4.1.1- 4.1.4 | Chromosomes, genes, alleles and mutations

1. 4.1.1- 4.1.4 | Chromosomes, genes, alleles and mutations Rania and Bryan

2. 4.1.1 Eukaryote chromosomes are made up of DNA and proteins… • Eukaryotic chromosomes consist of a DNA-protein complex that is organized in a compact way which permits the large amount of DNA to be stored in the nucleus.

3. 4.1.2 • A gene is a heritable factor that controls a specific characteristic. • Alleles are one specific form of a gene. They differ from other alleles by one or a few bases only and occupy the same gene locus as other alleles of the gene.

4. Genomes are the whole genetic information of an organism. • Eukaryote genomes are contained in a single, haploid* set of chromosomes. The human genome is made up of about 35000 genes. * Haploid - the number of chromosomes in a gamete of an organism.

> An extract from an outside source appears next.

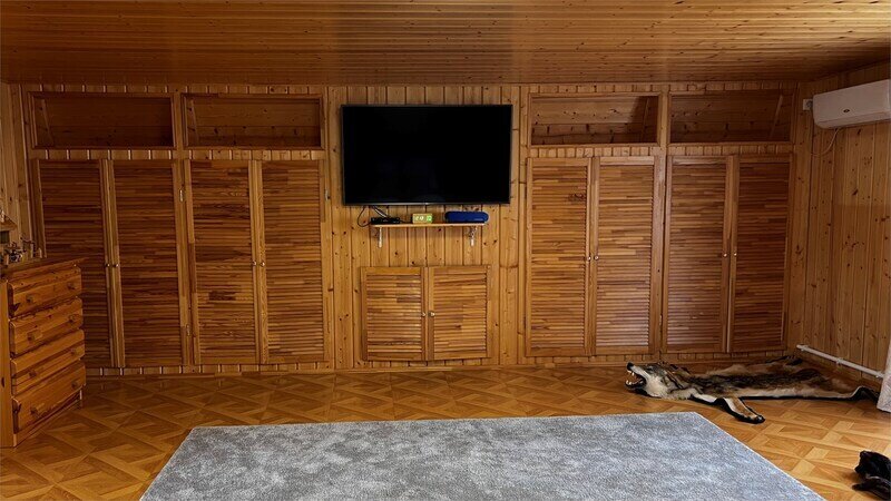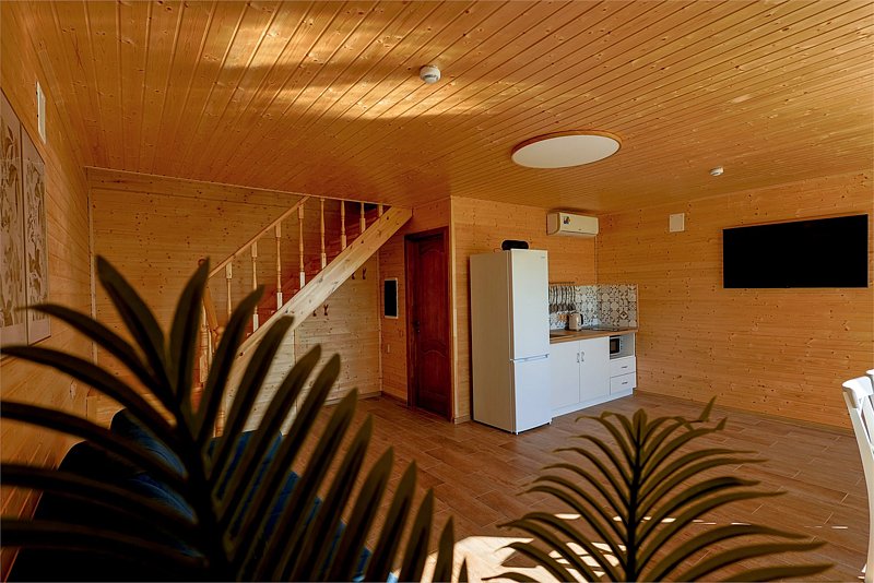 Второй этаж: двуспальная кровать, двуспальный раскладной диван, телевизор. Кондиционер на каждом этаже.
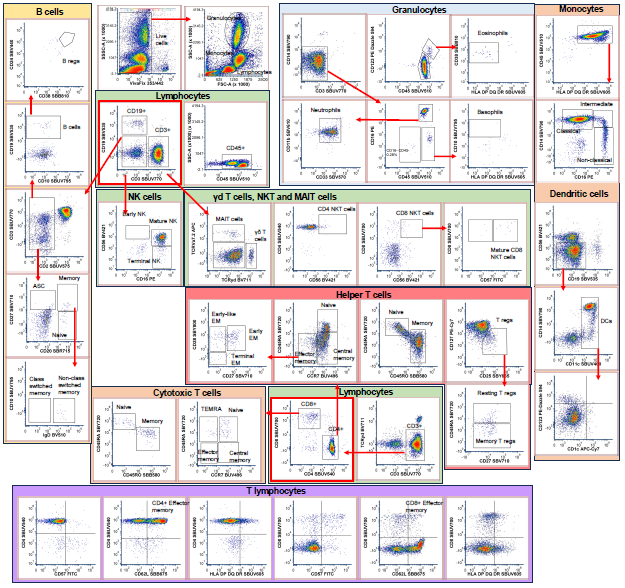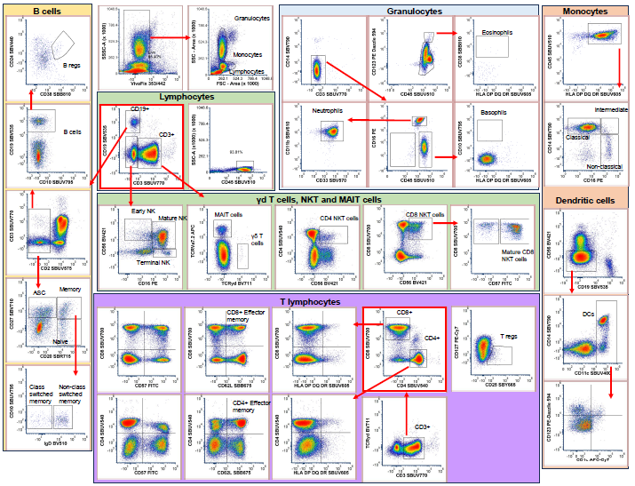 Fig. 4. Human immunophenotyping panel acquired on a 5L Sony ID7000. Human peripheral blood was stained with a 32-color antibody panel (Table 1). CD45RASBY720 was accidentally omitted, therefore naïve and memory T cell populations could not be identified in this panel. Bio-Rad gratefully acknowledges the assistance of Jamie Evans, Flow Cytometry Core Facility Manager, Division of Medicine, Rayne Building UCL for providing access and assistance with their ID7000. Image Credit: Image courtesy of Sharon Sanderson et al., in partnership with ELRIG (UK) Ltd.

5. Gene Mutations 4.1.3 • Gene mutations are a change to the base sequence of a gene. • Mutations range in size from a single DNA base to a large segment of a chromosome. • Gene mutations occur in two ways: they can be inherited by a parent or developed during a person’s lifetime.

6. Mutations also occur in an egg or sperm cell, or those occurring right after fertilization (de novo mutations). Note: These types of mutations can explain genetic disorders in which the child may have this mutation in every cell, but there is no history of this disorder in the family.

7. Acquired (somatic) mutations occur in the DNA of individual cells during a person’s lifetime. • these changes can be caused by environmental factors such as ultraviolet radiation from the sun, or when a mistake is made in the replication during cell division. Note: These types of mutations cannot be passed on to the next generation.

8. 4.2.1 – 4.2.2 | Mutations and Meiosis

9. 4.1.4 Sickle Cell Anemia • Sickle Cell Anemia is a good example of a mutation. • In sickle cell anemia the switch of just one nucleotide causes glutamic acid to be replaced by valine, which causes red blood cells to become stiff and stick to each other forming long fibers that obstruct blood flow to other parts of the body.

10. The switch occurs when the base code CAG mutates to CTG. That one small change is enough to cause the disease.

11. During Transcription there is a mistake in the code and that causes for the codon to be misread, switching the amino acid that normally pairs with the base code causing the sickle cell anemia.

12. Meiosis • Meiosis is the division of diploid cells into haploid cells in order to create sex cells.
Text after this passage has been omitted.